Posted: Tue Aug 22, 2017 2:58 pm
by plutek
greetings! curious if any of you have some good wisdom about a little problem area i have: between the lower lip and the tip of the chin!

i'm shaving with a straight razor, and have everything tweaked out nicely (equipment, product, technique) for both comfort and acceptable closeness everywhere except that bothersome little area. it's generally only one or two pores/hairs which end up inflamed and sometimes ingrown. i believe there are two contributing factors...

1. i have a pretty pronounced inward inflection there, so it's super-easy to end up with the razor coming in at too steep an angle, causing the shave to be excessively close.

2. there are two directions of grain happening! the vast majority of my beard hairs are grey and go down, but there are also some black ones, most of which grow up.

for the most part, i believe i've solved number 1. i make sure to stretch the skin well by curling my lower lip as far as possible over my lower teeth - this flattens the problem area pretty well. then i just have to be careful about adjusting blade angle as i go, and keeping minimal pressure.

number 2 is, i believe, the real culprit and i don't know how to solve that one! :( i shave WTG (my skin is sensitive, and a well-sharpened and strorpped blade gives me a close enough shave without irritation that way). however, i believe what's happening is that those few black hairs which end up getting hit ATG are causing problems.

i suppose i should try sideways, or maybe even careful ATG, but i'm afraid of more general irritation that way.

anyone with the same issue?
any ideas about how to approach this?

it's frustrating that this area continues to plague me when i've made such a nice journey to bliss everywhere else on my face and neck!

thanks much in advance... cheers!

Re: chin - problem with grain direction

Posted: Tue Aug 22, 2017 7:23 pm
by CMur12
Welcome to SMF, plutek!

I'm sorry I can't help you with your questions, as I don't shave that part of my face (I have a beard and only shave my neck) and I don't shave with a straight, but I'm pleased to have you join us.

- Murray

Re: chin - problem with grain direction

Posted: Wed Aug 23, 2017 3:50 am
by drmoss_ca
Welcome, Peter. Generally, when a straight razor causes irritation going against the grain, it is because it is not sharp enough. You can compensate a little for this by lying the blade almost flat against your skin so that as it goes against those hairs its edge will will not be drawn down into the top layers of skin. A better answer is to keep learning about honing. After all these years I still find myself getting better at honing, and there may be room for improvement in your edge.

Chris

Re: chin - problem with grain direction

Posted: Wed Aug 23, 2017 9:51 am
by plutek
thanks a lot, murray and chris... looks like a great community here, with interesting, thoughtful discussions!

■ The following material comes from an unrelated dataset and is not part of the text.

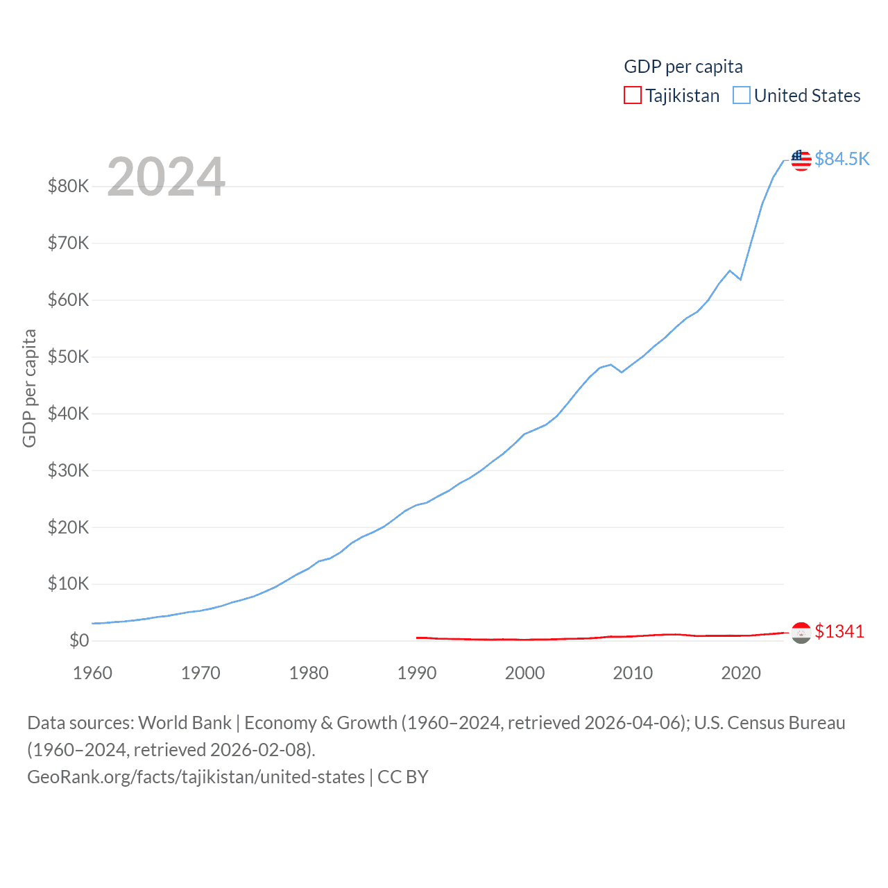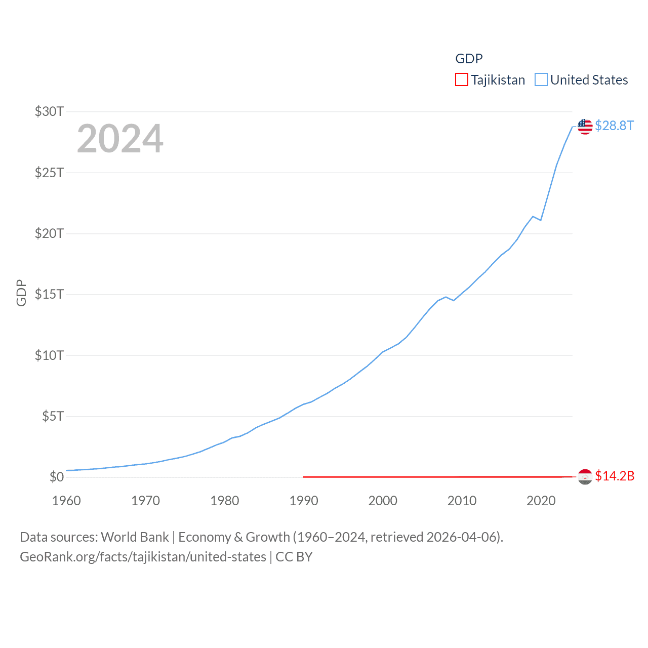 By GDP, Tajikistan ranks 145/197 ($14.2B) and The United States ranks 1/197 ($28.8T). By GDP per capita, Tajikistan ranks 166/197 ($1,341), while The United States ranks 10/197 ($84,534).

chris, i've read your advice about honing elsewhere on the forum; i'll be giving some more attention to that, and appreciate the experience and recommendations.

cheers!

Re: chin - problem with grain direction

Posted: Wed Oct 25, 2017 8:28 pm
by Brutus
I believe straight shaving is always a work in progress and even after years of straight shaving I sometimes come up with a new tweak that I try. Even if the age of great discoveries and progress in straight shaving may be over for me, I still find from time to time a minor tweak that works better for me than what I had used so far.

The chin area is a notoriously difficult area for straight shaves and took me the longest to master, which was compounded by hair growing in different directions in swirls.
I believe this is also the area where the current trend for larger blades demonstrates their limitations and where 5/8 or 6/8 blades shine and prove their raison d’être.
On the way I learned that the classic WTG, XTG and ATG pass concept is just that, a theoretical concept, and that in real life the most effective passes on the difficult areas usually involve a small element of other - usually XTG - passes.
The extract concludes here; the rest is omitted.